Ninja H2 Unggul 240 HP, Hayabusa Menjawab dengan Torsi dan Kenyamanan Touring

Author: Qoo Media

Kawasaki Ninja H2 dan Suzuki Hayabusa menawarkan dua jawaban berbeda bagi penggemar motor berperforma tinggi. Ninja H2 mengejar akselerasi ekstrem melalui supercharger, sementara Hayabusa memadukan tenaga besar dengan karakter sport-tourer yang lebih nyaman.

Perbedaan paling mencolok terlihat pada cara keduanya menyalurkan performa. Ninja H2 menghasilkan tenaga lebih besar dan bobot lebih ringan, sedangkan Hayabusa menawarkan torsi lebih tinggi yang tersedia pada putaran mesin lebih rendah.

Tenaga Besar dengan Karakter yang Berbeda

Kawasaki Ninja H2 memakai mesin empat silinder segaris 998cc DOHC 16-katup berpendingin cairan dengan supercharger. Mesin ini menghasilkan 240 hp pada 11.500 rpm dan torsi 141,7 Nm pada 11.000 rpm.

Konfigurasi tersebut membuat Ninja H2 berkarakter eksplosif, terutama ketika putaran mesin terus naik. Bobot 218 kg juga memberi keunggulan pada rasio tenaga terhadap bobot dibanding Hayabusa yang tercatat berbobot 264 kg.

Suzuki Hayabusa menggunakan mesin empat silinder segaris 1.340cc DOHC 16-katup berpendingin cairan tanpa supercharger. Tenaganya mencapai 187,4 hp pada 9.700 rpm, sedangkan torsi puncaknya mencapai 150 Nm pada 7.000 rpm.

Angka torsi itu menunjukkan karakter Hayabusa yang kuat di putaran rendah hingga menengah. Dorongan tenaganya dirancang lebih halus, sehingga tetap relevan untuk perjalanan jauh dengan kecepatan tinggi.

Ringkasan Perbandingan Kawasaki Ninja H2 dan Suzuki Hayabusa
Aspek Kawasaki Ninja H2 Suzuki Hayabusa
Mesin 4 silinder inline 998cc, DOHC 16-katup, supercharger 4 silinder inline 1.340cc, DOHC 16-katup
Tenaga 240 hp pada 11.500 rpm 187,4 hp pada 9.700 rpm
Torsi 141,7 Nm pada 11.000 rpm 150 Nm pada 7.000 rpm
Bobot 218 kg 264 kg
Harga di Amerika Hingga 34.400 USD 19.699–20.399 USD

H2 Mengejar Sensasi, Hayabusa Mengutamakan Jarak Tempuh

Desain Ninja H2 menegaskan orientasinya sebagai hyperbike agresif. Fairing aerodinamis, winglet terintegrasi, rangka trellis, serta finishing Mirror Coated Black Paint memberi tampilannya nuansa futuristis.

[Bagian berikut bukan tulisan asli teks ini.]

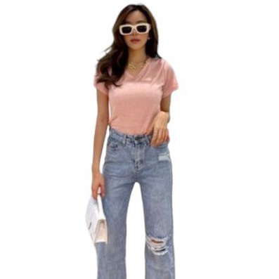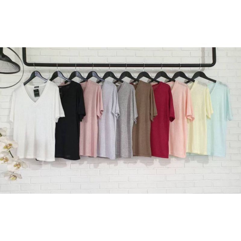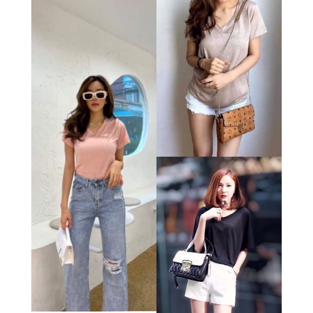 พร้อมส่งครบสีคะTOPSHOP💥เสื้อยืดคอวีเว้า ผ้าสลาฟบาง เหมาะกับอากาศร้อนมากๆ💥สาวอวบใส่ได้คะ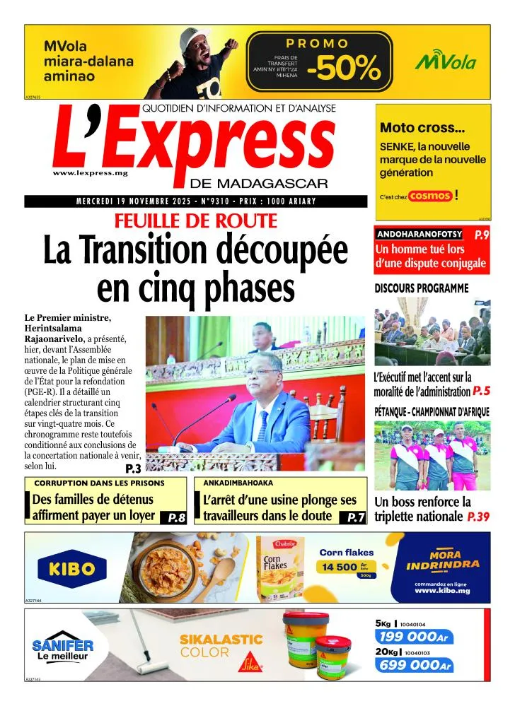 L’Express de Madagascar titre sur la feuille de route du Premier ministre Herintsalama Rajonarivelo, qui prévoit une transition en cinq phases sur vingt-quatre mois. Le quotidien relève également la colère des travailleurs d’une usine fermée à Ankadimbahoaka, plongés dans l’incertitude. Des dégâts significatifs ont aussi été signalés à Bongatsara après de fortes pluies.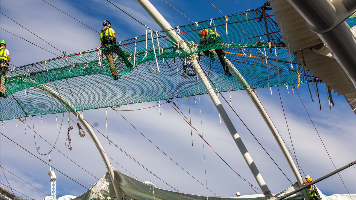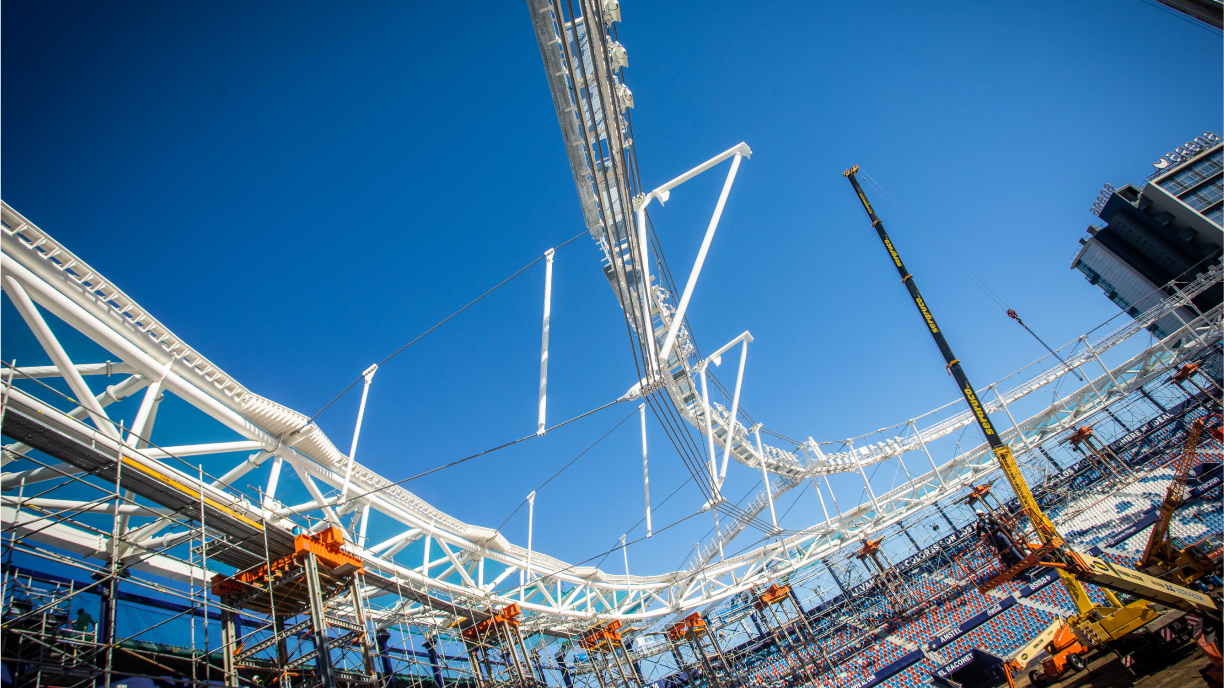 Un proceso que no ha sido nada fácil, ya que la colocación de la nueva cubierta ha supuesto un gran reto. “Costó crearla y además hay que tener en cuenta que tenía que albergar esos elementos necesarios para una buena retransmisión: iluminación, altura para la cámara aérea… etc. Pero el principal problema era establecerla en el campo. Para eso hemos usado una tecnología de estructura bastante avanzada. Una cubierta ligera de cables, que pesa poco y que tuvimos que apoyarla en unos pilares que creamos fuera de la estructura original”, resume César Azcárate.

Posisi berkendara sporty, sasis yang kaku, dan suspensi premium mendukung stabilitas saat akselerasi serta menikung pada kecepatan tinggi. Namun, karakter tersebut membuatnya lebih menuntut ketika dipakai untuk perjalanan jauh.

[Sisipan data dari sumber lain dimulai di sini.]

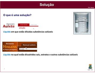 Este documento discute os conceitos fundamentais de soluções químicas. Ele define soluções como misturas homogêneas onde o soluto e o solvente estão misturados em uma única fase. O documento também discute os componentes de uma solução, tipos de soluções, concentrações de soluções e os fatores que afetam a solubilidade, incluindo as forças intermoleculares entre o soluto e o solvente.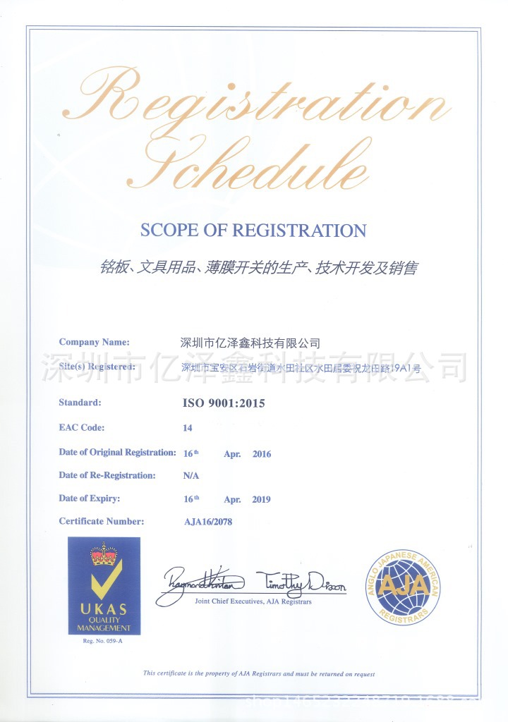 深圳市亿泽鑫科技有限公司是一家专业生产薄膜开关、铭板、镜片(亚克力、PC)不干胶、铭板、水晶滴胶,小礼品等系列产品的厂家,成立于2006年6月,工厂位于深圳市宝安区石岩镇水田水田社区石龙大道80号A栋4-6楼,厂房面积约6000平方米,员工约300余人,拥有大型无尘车间、全自动丝印机、自动丝印机、CNC精雕机、数控切割机、注塑成型机、冲床等现代化的生产设备以且先进的检测装置。工厂培养了一大批训练有素的生产人员及专业设计开发人员。公司已顺利通过ISO9001质量管理体系认证。公司经过多年的发展创新积累,产品质量已被越来越多的大型企业认可,并得到行业界的认同和赞誉。我公司长期与全国各地上千家中外企业保持着良好的合作关系,并先后被多家知名厂商评为优质产品供应商。

Hayabusa tetap mempertahankan siluet bodi membulat yang menjadi ciri khasnya. Bentuk aerodinamis ini menekankan stabilitas saat melaju kencang, dengan posisi duduk yang lebih rileks dibanding motor supersport.

Jok yang lebih lebar dan suspensi yang dirancang menyerap guncangan membuat Hayabusa lebih sesuai untuk kebutuhan touring. Motor ini menempatkan kenyamanan sebagai bagian penting tanpa meninggalkan performa tinggi.

Elektronik Lengkap pada Dua Pendekatan Berkendara

Menurut data yang dirangkum ridertua.com, Ninja H2 dibekali panel TFT dengan analog jarum, konektivitas Rideology, KTRC, KCMF, launch control, dan engine brake control. Motor ini juga memiliki quickshifter dua arah, electronic cruise control, assist & slipper clutch, serta ABS berbasis IMU Bosch.

Hayabusa membawa panel analog dengan layar TFT di tengah serta Suzuki Intelligent Ride System atau S.I.R.S. Perlengkapannya mencakup tiga mode tenaga, traction control, launch control, quickshifter dua arah, cruise control, hill hold control, slope dependent control, Motion Track ABS, dan engine brake control.

Pilihan antara keduanya pada akhirnya bergantung pada prioritas pengendara. Kawasaki Ninja H2 lebih tepat bagi pencari dorongan supercharged dan akselerasi agresif, sedangkan Suzuki Hayabusa menawarkan perpaduan tenaga, stabilitas, dan kenyamanan untuk perjalanan jarak jauh.